-- Activity --
Below is a block of records: output all of them exactly and leave out the pictures.

-- Data --
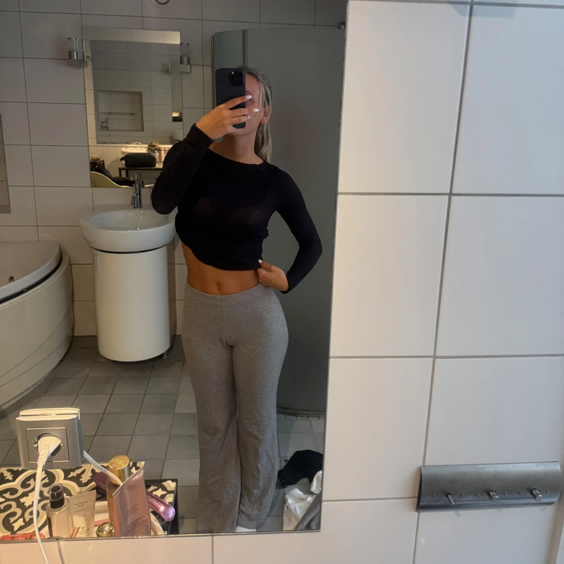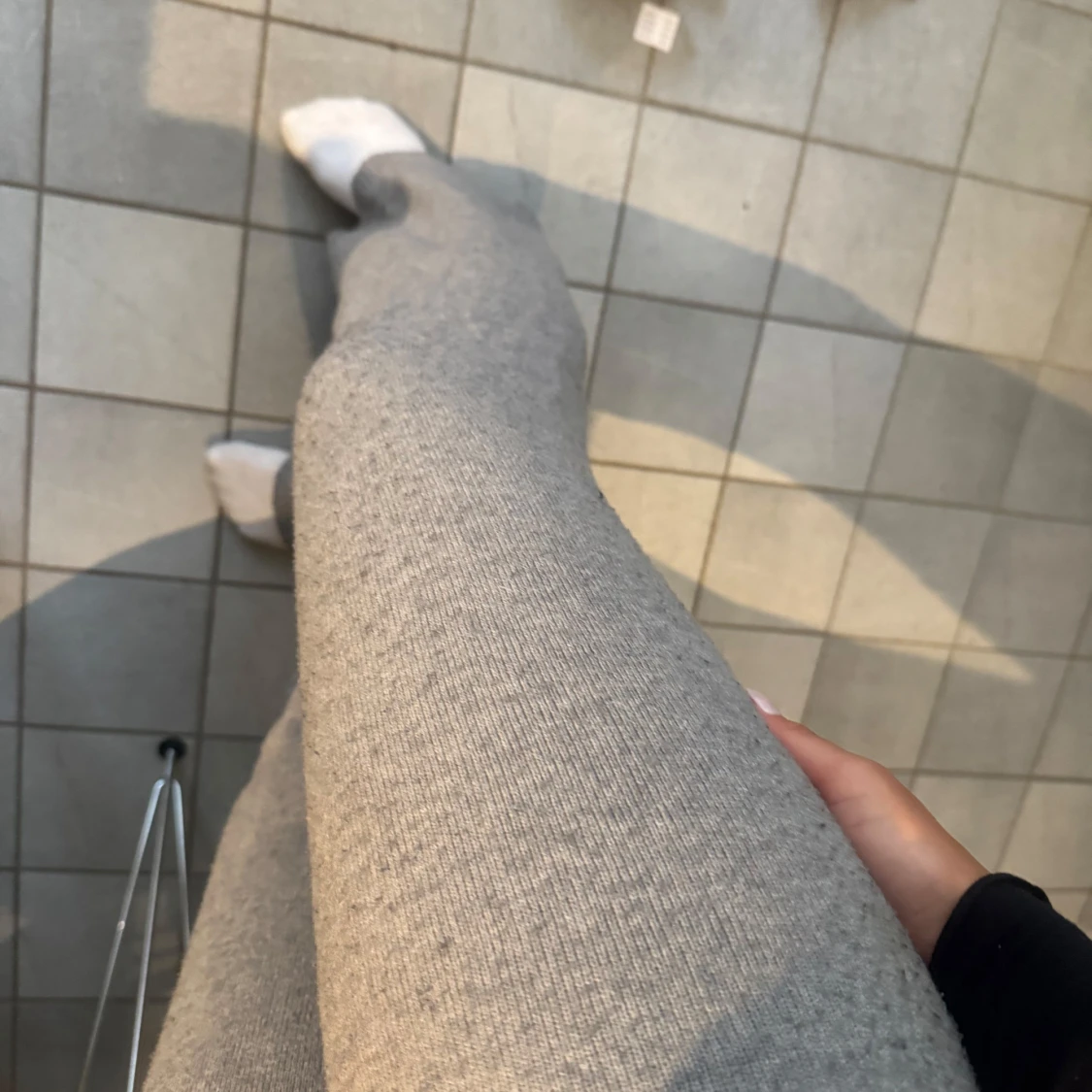 Säljer ett par grå mjukisbyxor med ribbad struktur och normal passform. Byxorna har hög midja och raka ben med lite utsvängd siluett. Materialet är mjukt och stretchigt, perfekt för chill dagar. Färgen är ljusgrå och de är riktigt sköna att ha på sig. Använda ganska mycket så lite noppriga
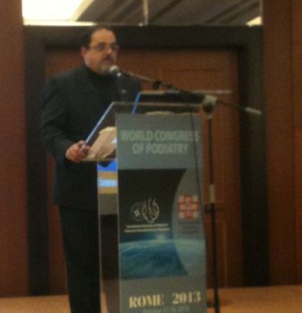 FIP President, Dr. Joseph Caporusso delivered his opening address at the FIP World Congress of Podiatry in Rome, Italy on October 17th 2013. Dr. Caporusso said, "This has been the best turn-out to date with over 1,000 participants from 40 different countries." Participants consisted of podiatrists, orthopedic, vascular, and general surgeons, dermatologists, and an interventional radiologist. Even the Sultan of Brunei got involved by sending several podiatrists through the offices of his Ministry of Health.
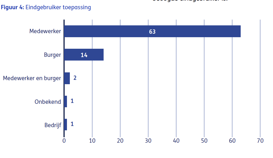 Bijna de helft van de toepassingen wordt door gemeenten ingezet. Het betreft voornamelijk chatbots die assisteren in het vergaren en verwerken van informatie voor ambtenaren en die assisteren in het contact met de burger.
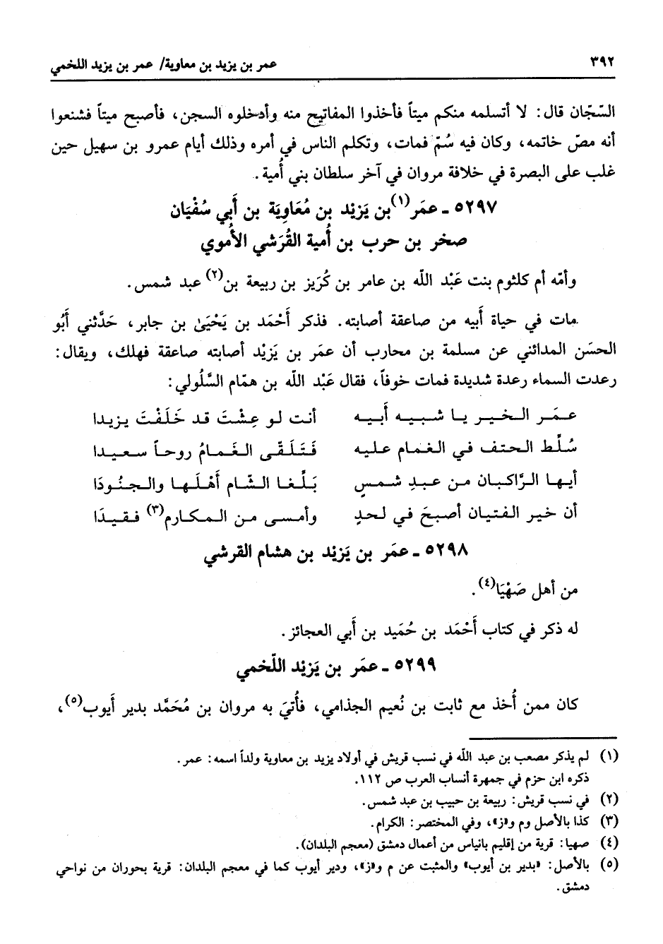 5298 - عمر بن يزيد بن هشام القرشي من أهل صهيا (4) له ذكر في كتاب أحمد بن حميد بن أبي العجائز
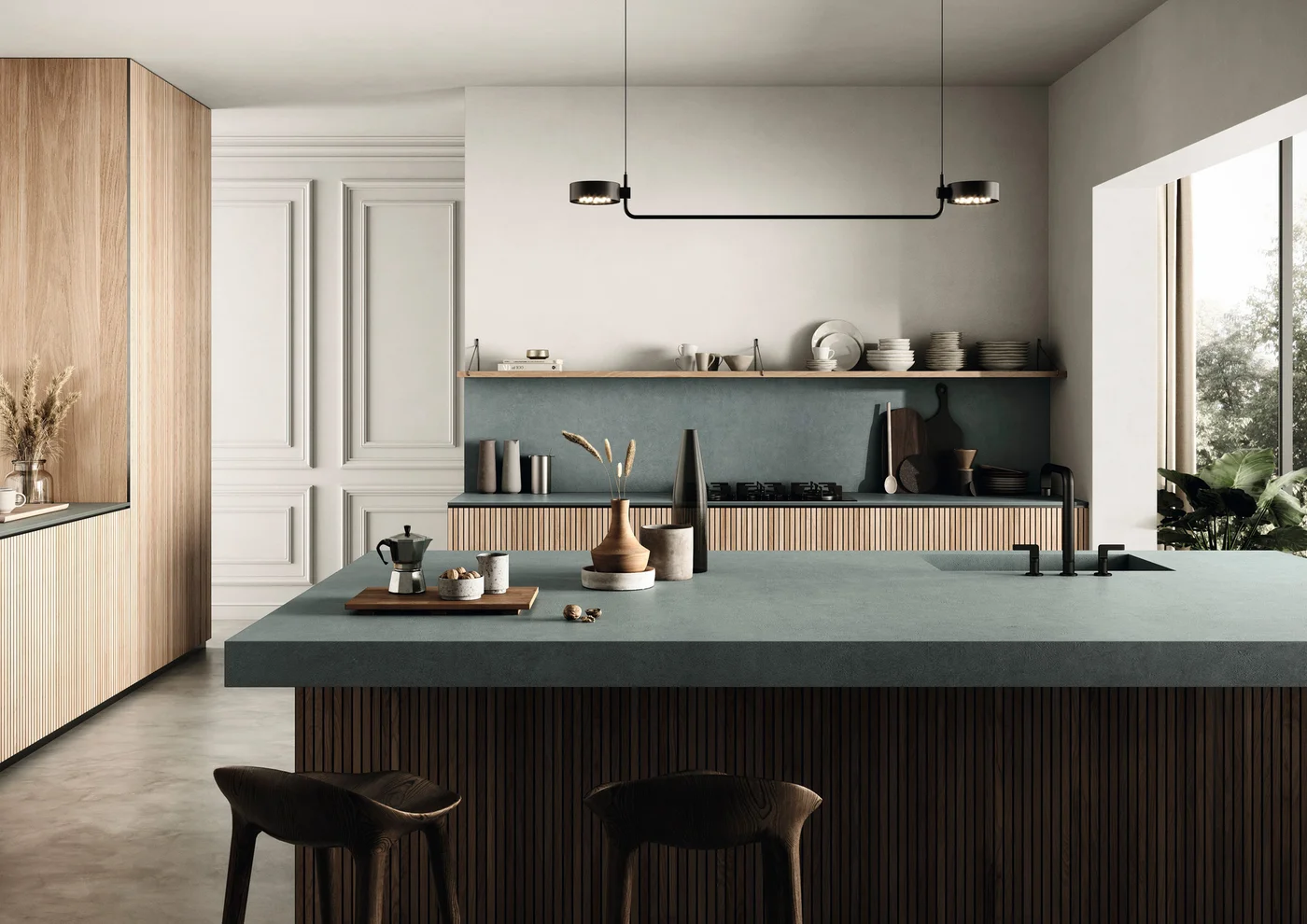 SapienStone Balance Azure is een hoogwaardige Italiaanse porseleinen grootformaat plaat met een serene grijs-blauwe (azuur) tint, geïnspireerd op de rustige energie van de lucht en natuurlijke kleureffecten. De homogeen gekleurde, monochrome keramische oppervlakte biedt een elegante, rustgevende basis die prachtig past bij moderne, minimalistische en tijdloze interieurontwerpen. Met een formaat van 320×160 cm en een natural finish is Balance Azure uitermate geschikt voor werkbladen, vloeren, wanden en meubeloppervlakken. Dankzij de premium porseleinen samenstelling levert het materiaal duurzaamheid, onderhoudsgemak en uitstekende weerstand tegen krassen, hitte en vlekken, waardoor het functioneel én stijlvol is in veeleisende toepassingen.
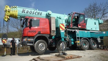 Der Mobilkran nimmt noch ein Zusatzgewicht auf. Hier sieht man das Gewicht noch auf der Kranfläche liegen.
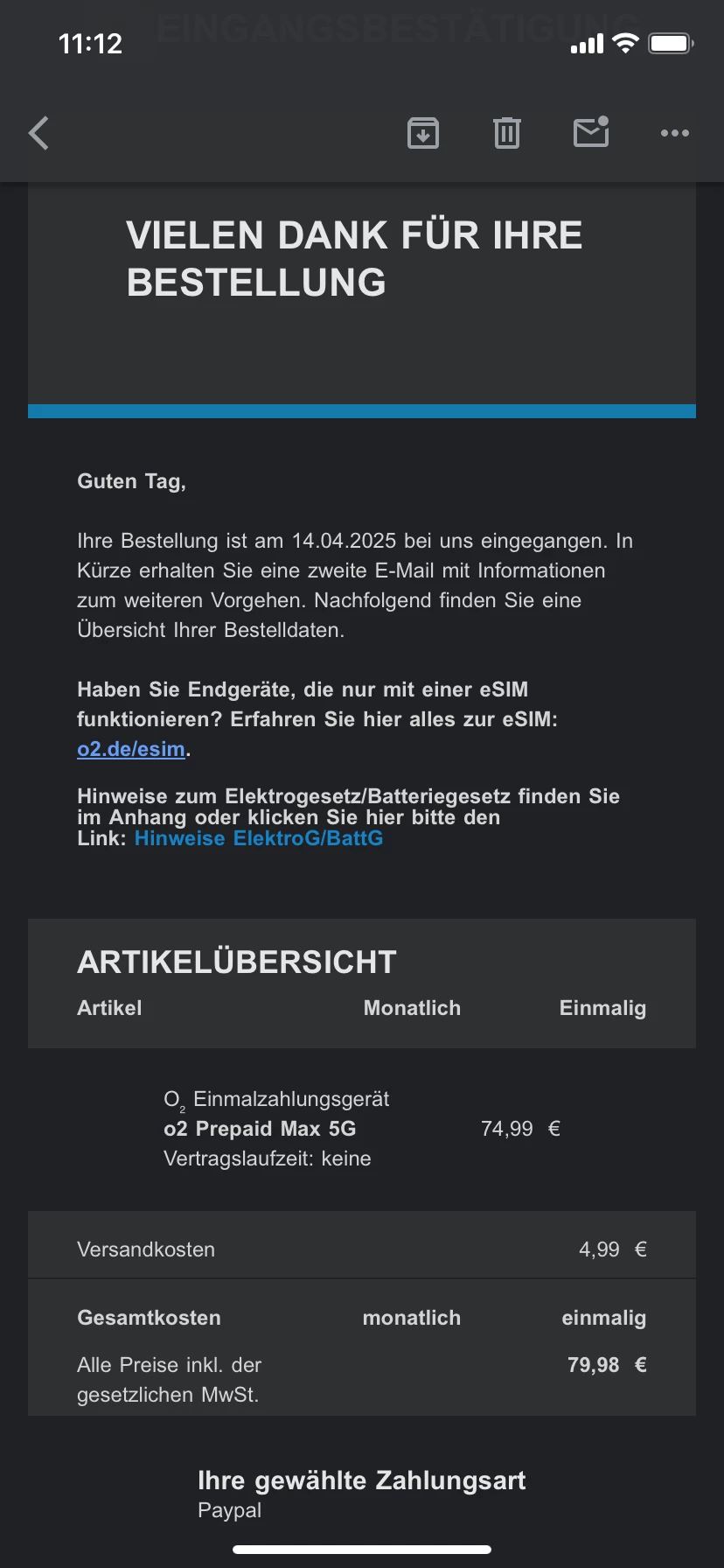 Ich habe über die Website eine Prepaid-Max-SIM-Karte für 74,99 + Versandkosten bestellt. Bei der Bestellung habe ich als Zahlungsart PayPal ausgewählt. In meinem Konto wird diese Zahlung als ausstehend angezeigt. Ich habe diese E-Mail nach der Bestellung der Karte erhalten.

-- Exercise result --
 Säljer ett par grå mjukisbyxor med ribbad struktur och normal passform. Byxorna har hög midja och raka ben med lite utsvängd siluett. Materialet är mjukt och stretchigt, perfekt för chill dagar. Färgen är ljusgrå och de är riktigt sköna att ha på sig. Använda ganska mycket så lite noppriga
 FIP President, Dr. Joseph Caporusso delivered his opening address at the FIP World Congress of Podiatry in Rome, Italy on October 17th 2013. Dr. Caporusso said, "This has been the best turn-out to date with over 1,000 participants from 40 different countries." Participants consisted of podiatrists, orthopedic, vascular, and general surgeons, dermatologists, and an interventional radiologist. Even the Sultan of Brunei got involved by sending several podiatrists through the offices of his Ministry of Health.
 Bijna de helft van de toepassingen wordt door gemeenten ingezet. Het betreft voornamelijk chatbots die assisteren in het vergaren en verwerken van informatie voor ambtenaren en die assisteren in het contact met de burger.
 5298 - عمر بن يزيد بن هشام القرشي من أهل صهيا (4) له ذكر في كتاب أحمد بن حميد بن أبي العجائز
 SapienStone Balance Azure is een hoogwaardige Italiaanse porseleinen grootformaat plaat met een serene grijs-blauwe (azuur) tint, geïnspireerd op de rustige energie van de lucht en natuurlijke kleureffecten. De homogeen gekleurde, monochrome keramische oppervlakte biedt een elegante, rustgevende basis die prachtig past bij moderne, minimalistische en tijdloze interieurontwerpen. Met een formaat van 320×160 cm en een natural finish is Balance Azure uitermate geschikt voor werkbladen, vloeren, wanden en meubeloppervlakken. Dankzij de premium porseleinen samenstelling levert het materiaal duurzaamheid, onderhoudsgemak en uitstekende weerstand tegen krassen, hitte en vlekken, waardoor het functioneel én stijlvol is in veeleisende toepassingen.
 Der Mobilkran nimmt noch ein Zusatzgewicht auf. Hier sieht man das Gewicht noch auf der Kranfläche liegen.
 Ich habe über die Website eine Prepaid-Max-SIM-Karte für 74,99 + Versandkosten bestellt. Bei der Bestellung habe ich als Zahlungsart PayPal ausgewählt. In meinem Konto wird diese Zahlung als ausstehend angezeigt. Ich habe diese E-Mail nach der Bestellung der Karte erhalten.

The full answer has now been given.